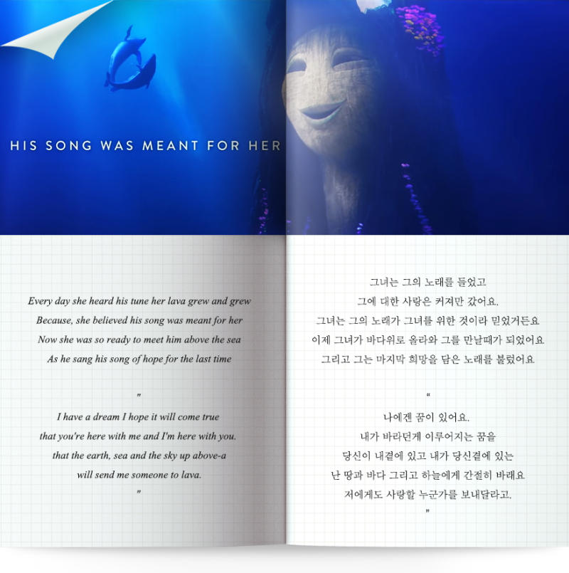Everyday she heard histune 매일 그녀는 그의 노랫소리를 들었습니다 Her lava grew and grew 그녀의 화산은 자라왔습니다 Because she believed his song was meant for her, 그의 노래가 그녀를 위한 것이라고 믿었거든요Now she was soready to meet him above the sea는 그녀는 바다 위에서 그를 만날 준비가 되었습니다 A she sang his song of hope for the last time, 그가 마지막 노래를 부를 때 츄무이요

==

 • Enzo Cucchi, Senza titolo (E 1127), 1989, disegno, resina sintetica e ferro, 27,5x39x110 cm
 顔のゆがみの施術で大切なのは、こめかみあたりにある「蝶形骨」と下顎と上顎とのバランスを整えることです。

**WORK TO BE COMPLETED**
From the entries above, extract only the lines running from the one containing "ferro, 27,5x39x110 cm" through the one containing "顔のゆがみの施術で大切なのは", inclusive.

**EXERCISE RESULT**
 • Enzo Cucchi, Senza titolo (E 1127), 1989, disegno, resina sintetica e ferro, 27,5x39x110 cm
 顔のゆがみの施術で大切なのは、こめかみあたりにある「蝶形骨」と下顎と上顎とのバランスを整えることです。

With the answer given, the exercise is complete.